Official Calls Military Child Care ‘Model for Nation’
By Samantha L. Quigley
American Forces Press Service
WASHINGTON, Nov. 17, 2009 The Military Child Care Act of 1989 has made the military child care system the one to emulate.
Sesame Street Muppets Rosita and Elmo, accompanied Melvin Ming, Sesame Workshop’s chief operating officer, to the Defense Department’s 2009 Child Development Conference in Washington, D.C., Nov. 17, 2009. Elmo and Rosita helped Ming explain the Workshop’s “Talk, Listen, Connect” videos designed to help military kids deal with many of the challenges they face. DoD photo by Samantha L. Quigley
(Click photo for screen-resolution image);high-resolution image available.

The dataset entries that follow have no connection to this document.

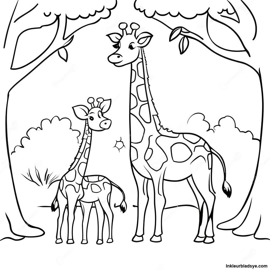 Laai Drukbare PDF af van Kameelperd Familie Onder Die Boom Inkleurblad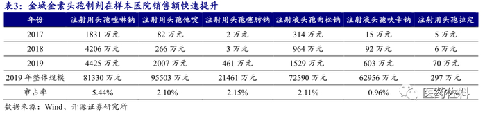 公司在头孢侧链中间体领域深耕多年,市场占有率达 60%以上。近年来公司成功切入到下游制剂领域,子公司金城金素采用“进口原料、国内分装”的模式生产高品质头孢抗生素,样本医院数据显示多个品种销售额呈现快速提升态势,但市占率仍处于较低水平,未来有较大提升空间。公司的头孢抗生素质量和疗效与原研接近,在一致性评价中占据优势。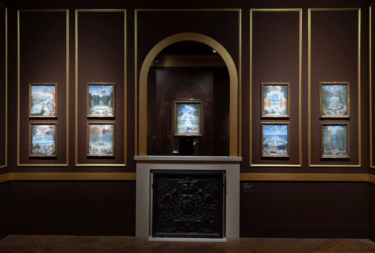 Série de gouaches des bosquets de Versailles par Jean Cotelle, inspirées des tableaux qu’il réalisa pour le Grand Trianon. Ces miniatures se trouvaient dans le Cabinet de l’appartement des Berceaux, au rez-de-chaussée de l’aile est du château de Meudon. © EPV / Didier Saulnier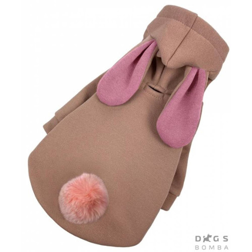 На капюшоне ушки, снизу толстовки помпон из меха кролика.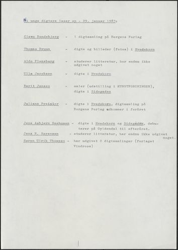 Back Kunstforeningen Arrangementsprogram, 1983: Under nordstjernen møder den døddrukne rorgænger rådvildheden Facts Document type Exhibition records Mentioned exhibitions 1983-1-11 - 1983-1-30, Under nordstjernen møder den døddrukne rorgænger rådvildheden Original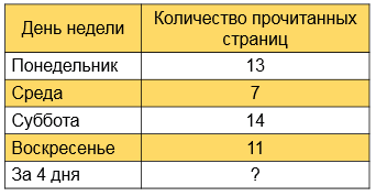 14. Дима прочитал книгу за 4 дня. Количество страниц, которые он прочитывал за день, Дима записал в такой таблице: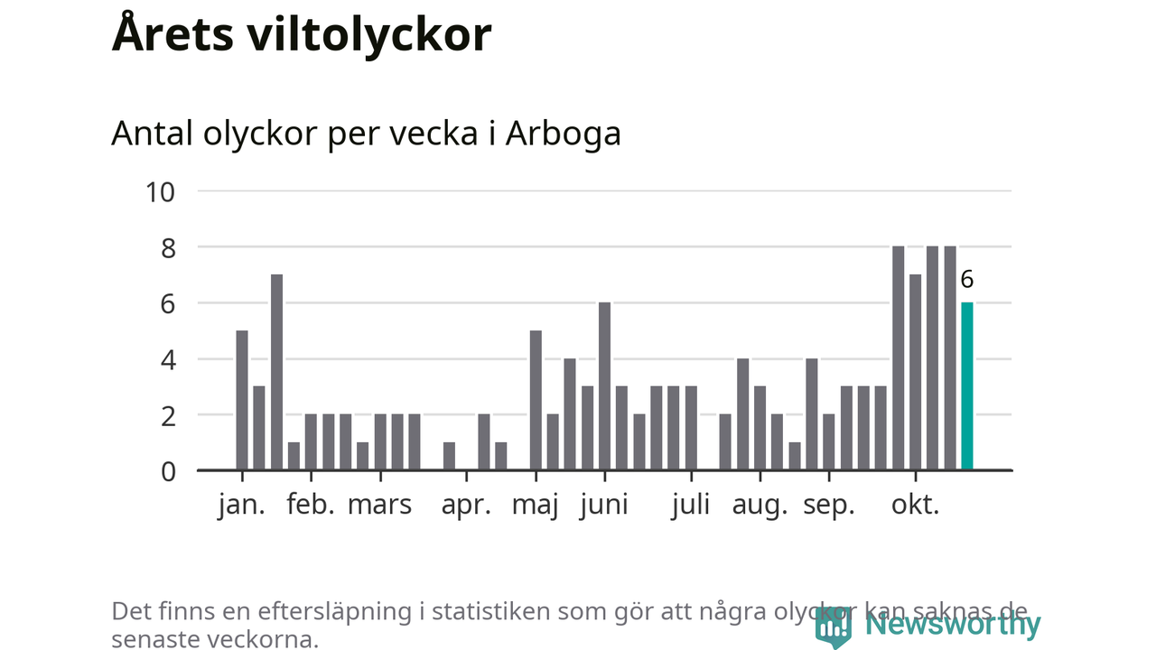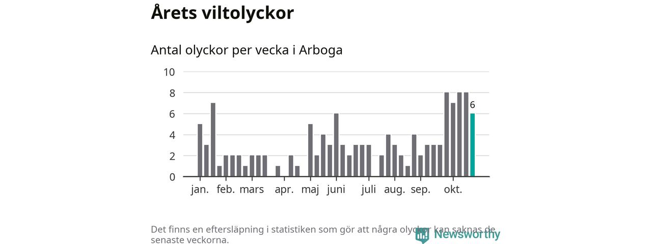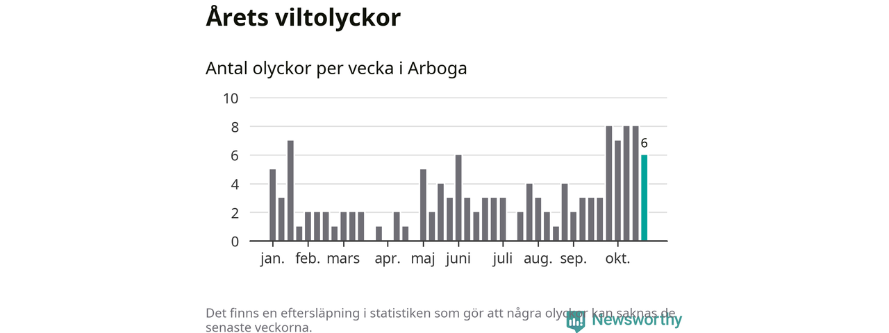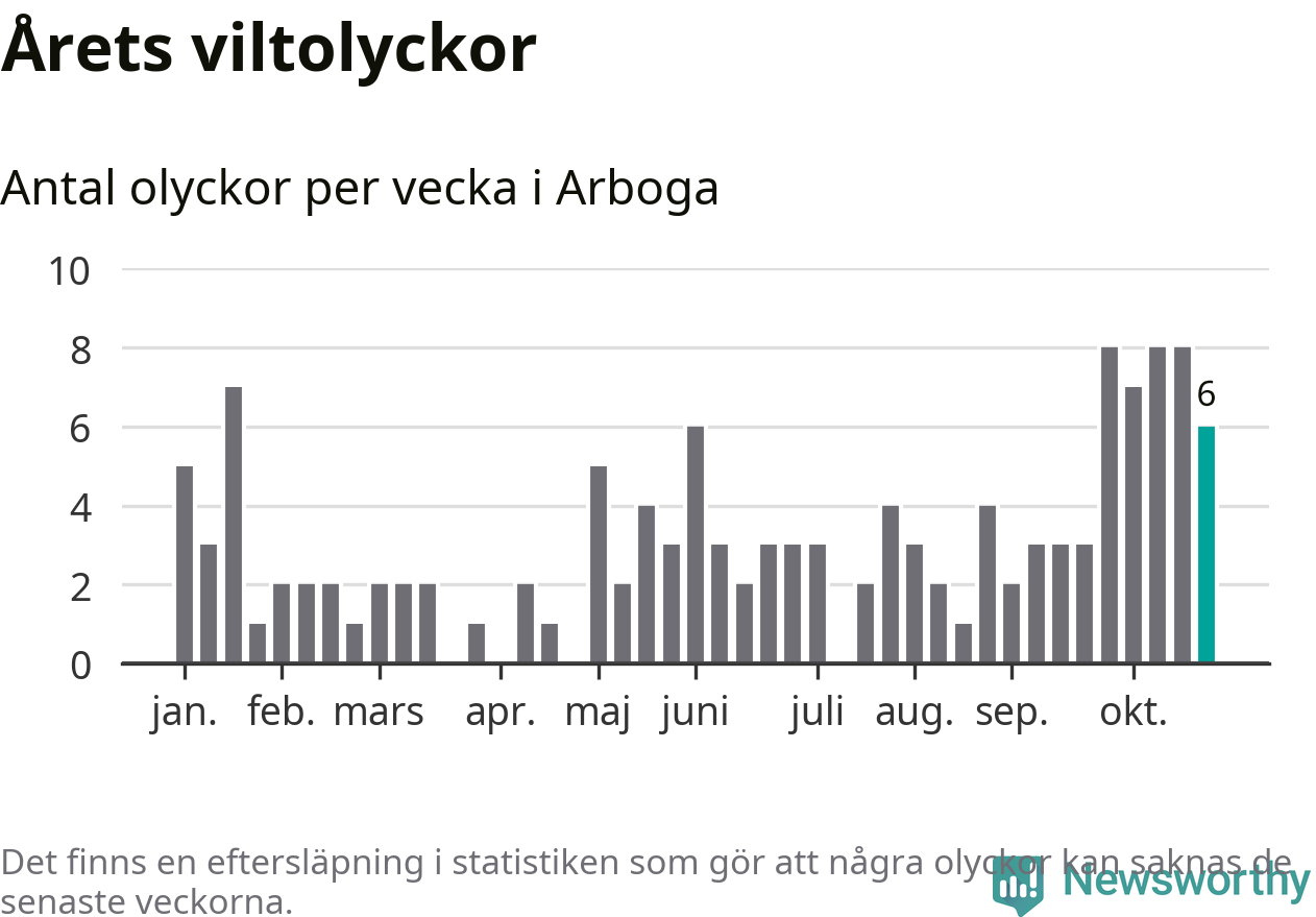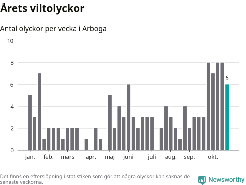 Hittills har sex viltolyckor rapporterats in i Arboga kommun från vecka 44. Se listan här.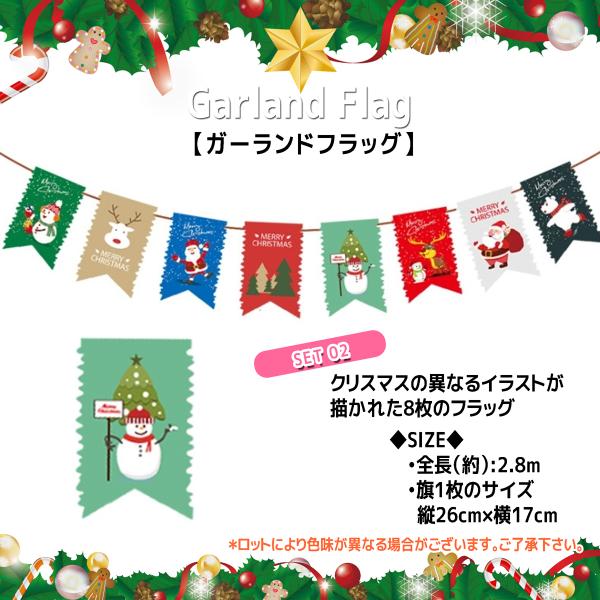 全長約2.8m クリスマスの異なるイラストが描かれたカラフルフラッグ8枚 高26cm×横17cm(1枚あたり)
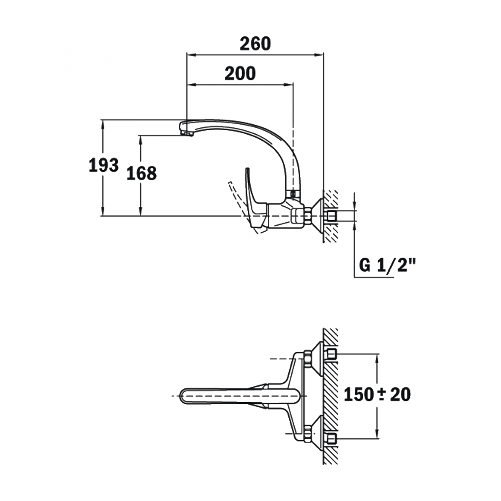Дължина на чучура/общо: 200/260 мм
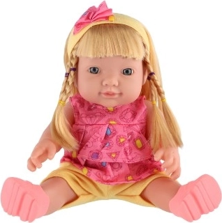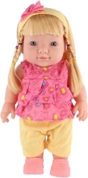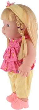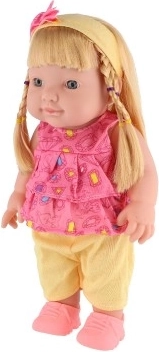 Denne realistiske dukke på 30 cm er et godt valg til at udvikle fantasi og sociale færdigheder. Den har en solid plastkrop, langt hår der kan friseres og er klædt i glade, farverige outfits. Den indbyggede lydmodul aktiveres, når sikringen i mekanismen på ryggen trækkes ud.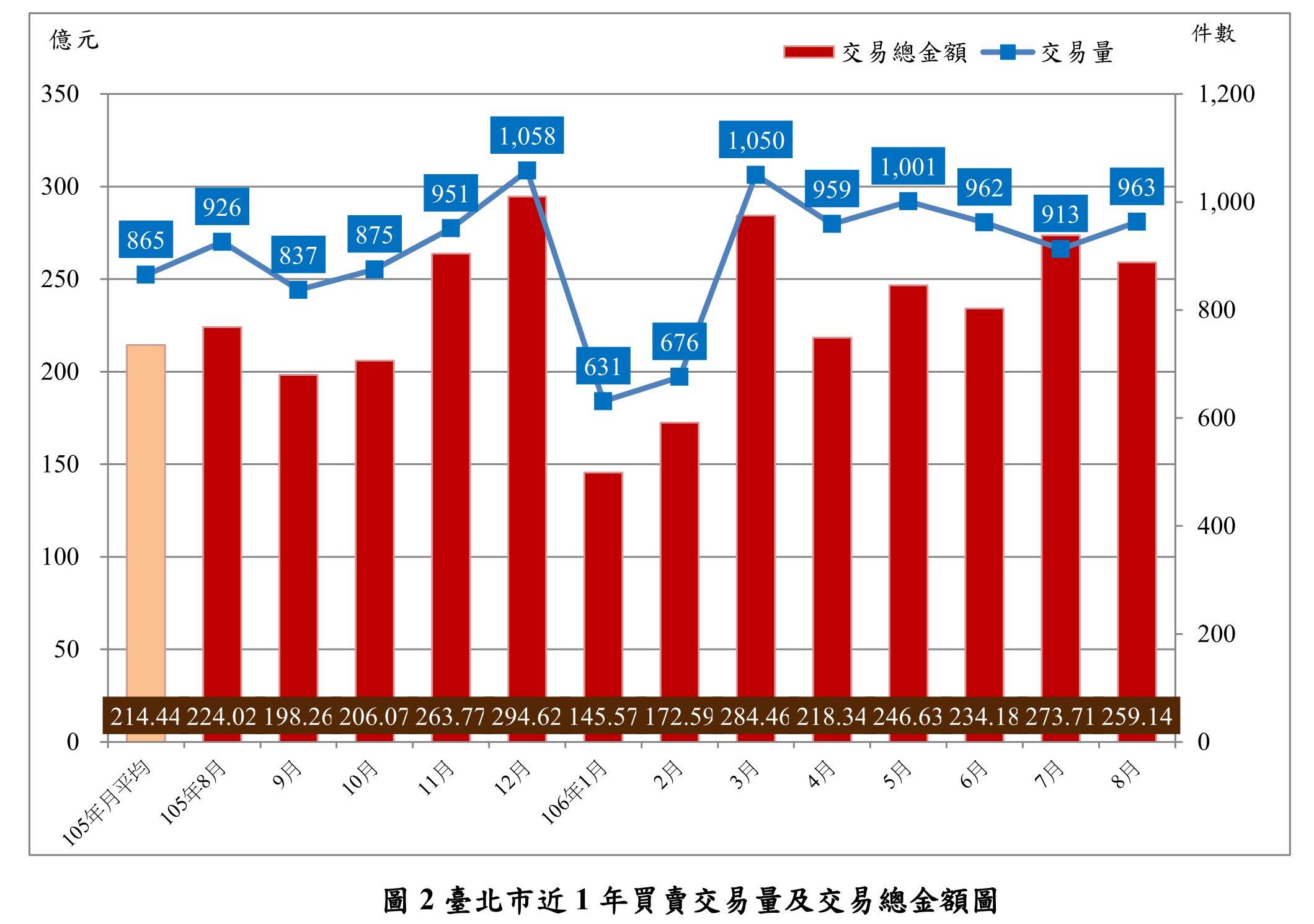 最近一期(106年8月)實價登錄量價動態,全市交易量共963件,較7月913件增加50件,增幅5.48%,較去年同期926件增加37件,增幅4.00%,較去年平均865件增加98件,增幅11.33%。交易總金額為259.14億元,較7月273.71億元減少14.57億元,減幅5.32%;較去年同期224.02億元,增加35.12億元,增幅15.68%,較去年平均214.44億元,增加44.7億元,增幅20.84% (圖2) 。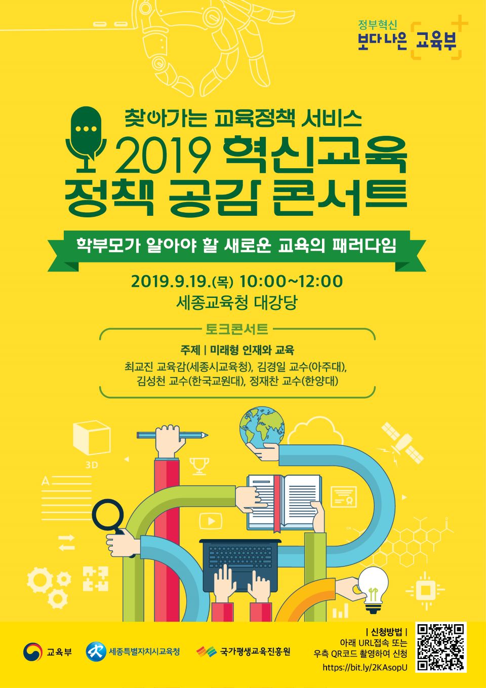 세종특별자치시교육청(교육감 최교진, 이하 세종시교육청)은 9일 세종시교육청 대강당에서 A씨와 같은 걱정을 하고 있는 학부모를 위해 ‘학부모가 알아야 할 새로운 교육 패러다임’이라는 주제로 「2019 혁신 교육 정책 공감 콘서트」를 실시했다고 밝혔다.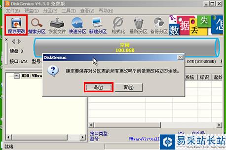 4、使用上面的方法把剩余的分區也刪除,當整個硬盤都為空閑狀態時點擊左上方的“保存更改”按鈕,在彈出的提示窗口中點擊“是”按鈕、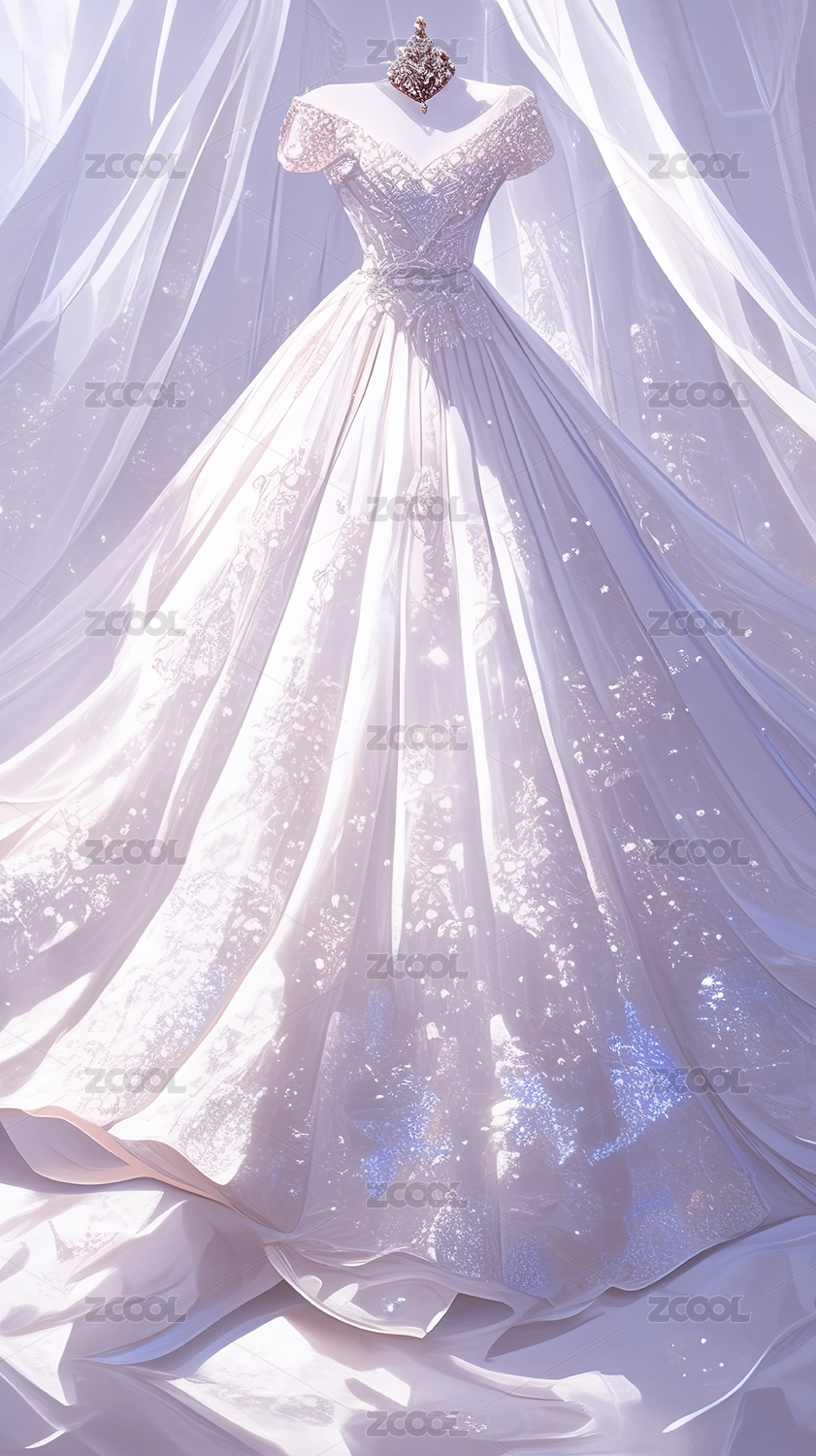 婚纱,白色,插画,星光,梦幻,质感,礼服,婚庆,优雅,设计

“We have come a long way,” said Tommy T. Thomas, deputy undersecretary of defense for military community and family policy, during the opening remarks of the department’s annual child development conference. “The Department of Defense Child Development System is … a model for this nation.”
Thomas’ statement echoes what President Bill Clinton said about the military’s child development programs in 1997.
In the 20 years since enactment of the Military Child Care Act, military child care has undergone enormous change. Those changes have led to recognition by a number of organizations, including the National Association of Regulatory Administration and the National Women’s Law Center for the department’s commitment to high-quality, accessible, affordable child care.
Nancy Duff Campbell, co-president of the National Women’s Law Center, lauded the military’s approach to improving its system. The Military Child Care Act was particularly important, she said, because it applied a systemic approach to improving the quality, affordability, and availability of child care for all servicemembers, regardless of rank or income.
“The military child care system has been faithful in adhering to these goals in operations and furthering them in a systemic way,” she said.
By contrast, she said, the private-sector child care industry is a patchwork of legislative initiatives resulting in an incomprehensive approach to addressing the challenges of providing affordable child care to the civilian population.
Speakers at the Defense Department conference agreed that accreditation, inspection and training are necessary for a successful child-care program. In fact, 97 percent of the more than 300 military child development centers serving more than 200,000 children are accredited through the National Academy of Early Childhood Programs, a division of the National Association for the Education of Young Children.